(AP Photo/Atlanta Journal-Constitution, Hyosub Shin)
David Worley, member of State Election Board, speaks as Brian Kemp (right), chairman of State Election Board, listens during a special meeting to lay out the case of alleged voter registration fraud against the New Georgia Project at the Georgia State Capitol on Wednesday, September 17, 2014.
This article originally appeared at Facing South, the website published by the Institute for Southern Studies.
While states across the country including Georgia have passed laws imposing new requirements on voters, the nonpartisan New Georgia Project has fought back against the forces of voter suppression with a massive voter registration effort.
But the effort has faced backlash in the form of a controversial fraud investigation by Georgia's Republican secretary of state. It's also embroiled in a lawsuit over the state's alleged failure to process more than 40,000 new voter registrations.
NGP began in March 2013 with 60 canvassers focusing on enrolling Georgians for health care under the Affordable Care Act. It turned its focus to voter registration as conversation after conversation made clear the need to empower disadvantaged voters, said NGP founder and Georgia state Rep. Stacey Abrams (D-Atlanta).
NGP estimates that around 800,000 people of color, voters between the ages of 18 and 29, and unmarried women-what the group calls the "Rising American Electorate"-were unregistered to vote in Georgia at the beginning of this year. Since March 16, NGP has hired canvassers and supported 12 partner organizations that say they have registered 120,000 new voters.
"The goal is to really create an infrastructure that allows this emerging majority to become not only the largest part of the population, but the political power in the state," Abrams said.
With two extremely close races for governor and U.S. Senate this year, registering 120,000 new voters is a big deal. (Gov.
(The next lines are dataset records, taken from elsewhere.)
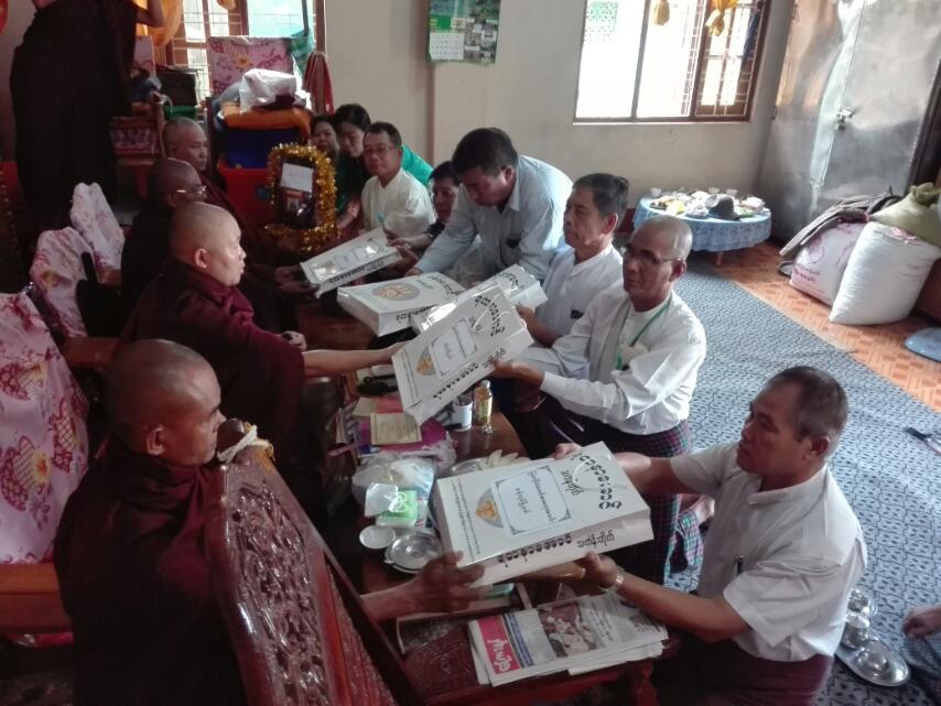 ရှေးဦးစွာ ကျောင်းတိုက်ပဓာနနာယက ဆရာတော်ဘဒ္ဒန္တဇဝနထံမှ သီလခံယူဆောက်တည်ကြပြီး သန်လျင်မြို့နယ် သတင်းစာ ဆရာ အသင်းနာယကများ၊ အသင်းဥက္ကဋ္ဌ ဦးကျော်ဝင်းနှင့် အဖွဲ့ဝင်များက ဆရာတော်ကြီးများအား ဝါဆိုသင်္ကန်းနှင့် လှူဖွယ် ပစ္စည်းများကို ဆက်ကပ်လှူဒါန်းကြသည်။ ထို့နောက် လှူဒါန်းမှုအစုစုအတွက် ဆရာတော်ထံမှ အနုမောဒနာ ရေစက်ချ တရားနားယူကြပြီး နေ့ဆွမ်းဆက်ကပ် လှူဒါန်းခဲ့ကြောင်း သိရသည်။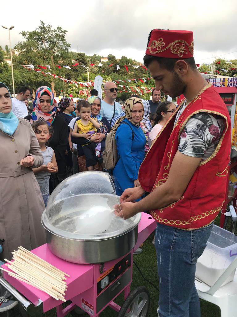Beykoz Belediyesi alana gelen çocuklara Osmanlı Macunu, pamuk şeker ve patlamış mısır ikram etti.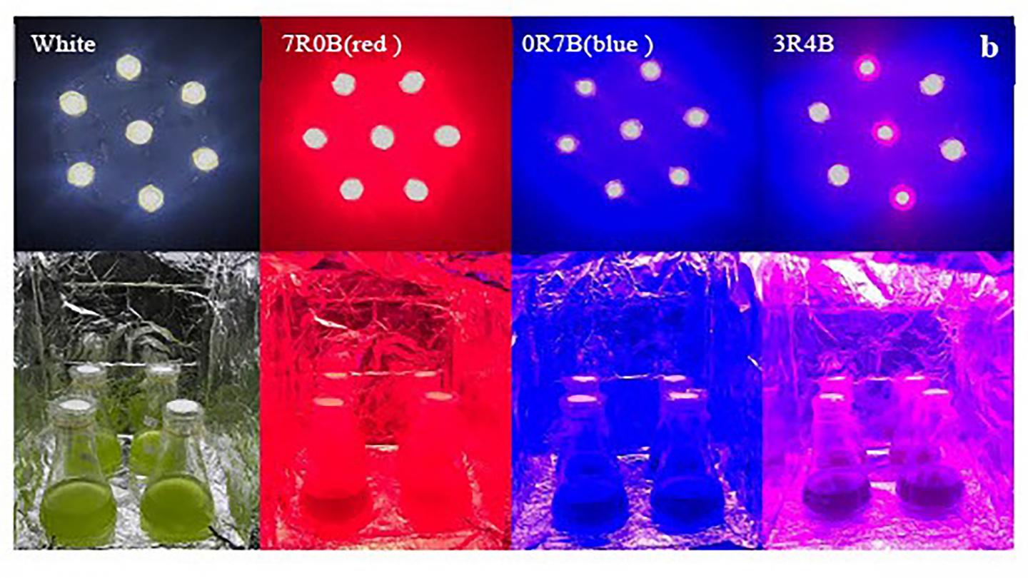 image: Researchers show how a combination of monochromatic red and blue LED illumination on one type of microalga can enhance its growth and increase the biosynthesis of critical components. Here, LED illuminators installed with different combinations of red and blue light, with white as the control light.

Nathan Deal, a Republican, won the 2010 election by a margin of 260,000 votes.) Early voting began on Sunday, Oct. 13, the first Sunday with early voting in Georgia's history.
A recent study by former NAACP President Ben Jealous for the Center for American Progress and the Southern Elections Foundation found that if 60 percent of unregistered African Americans and other people of color in Georgia registered to vote, their votes would likely be enough to sway statewide elections.
But some Georgia Republicans have sounded alarm bells about NGP's efforts. Georgia Secretary of State Brian Kemp subpoenaed NGP last month as part of an investigation into alleged voter fraud. Kemp said that 25 of the voter registration forms the group submitted could lead to prosecutions for fraud.
Rev. Dr. Raphael Warnock, the senior pastor at First Ebenezer Baptist Church in Atlanta and a spokesperson for NGP, said that many people of color in Georgia saw the tactics as part of a long history of voter suppression.
"This narrative of voter suppression is one that communities of color understand and understand deeply," Warnock said. "And it will backfire on those trying to suppress votes."
In 2006, Georgia passed a photo ID law characterized as "strict" by the National Conference of State Legislatures, meaning that the burden is on voters who do not have proper ID when they vote to later prove they are eligible to vote. A recent study by the Government Accountability Office found that voter ID laws reduce overall turnout by around 2 percent and disproportionately affect African-American voters as much as two or three times white voters.
In 2011, Georgia passed a law shortening the state's early voting period from 45 to 21 days. Research has found that African Americans are more likely than whites to take advantage of early voting.
Remarks made by Republican state officials in Georgia have heightened concerns about voter suppression. Speaking at a local Georgia Republican Party event earlier this year, for example, Kemp said, "Democrats are working hard… registering all these minority voters that are out there and others that are sitting on the sidelines, if they can do that they can win these elections in November."
Around the same time Kemp's office accused the NGP of voter fraud, the group noticed that around 50,000 of the registrations the organization had submitted still had not been processed by the county board of elections-some dating back to April 2014.
NGP, the Georgia chapter of the NAACP, and the national NAACP filed a lawsuit on Oct. 10 demanding that Kemp and the five counties process the outstanding voter registration forms NGP submitted before the Oct. 6 voter registration deadline. While the county board of elections are independent of the secretary of state's office, they rely on its guidance and information to process registrations.
"We believe the fundamental flaw lies in the Secretary of State's office," Abrams said. Kemp has said his office did not target NGP.
Pushing back on efforts to restrict voting rights, Georgia Democrats have tried to pass some of the nation's most progressive voting rights laws, introducing bills to expand early voting, restore voting rights to people with felony convictions, and create civilian redistricting committees. None have passed.
Abrams said that in the next legislative session she plans to introduce legislation to make sure voters can vote anywhere in the state, including introducing polls that come to voters who are unable to leave home.
Abrams said NGP's campaign to register voters is not just about her party winning at the polls.
"We are here today and are not going to be gone at the end of the election," she said. "The goal is to build up the civic capacity of people in Georgia."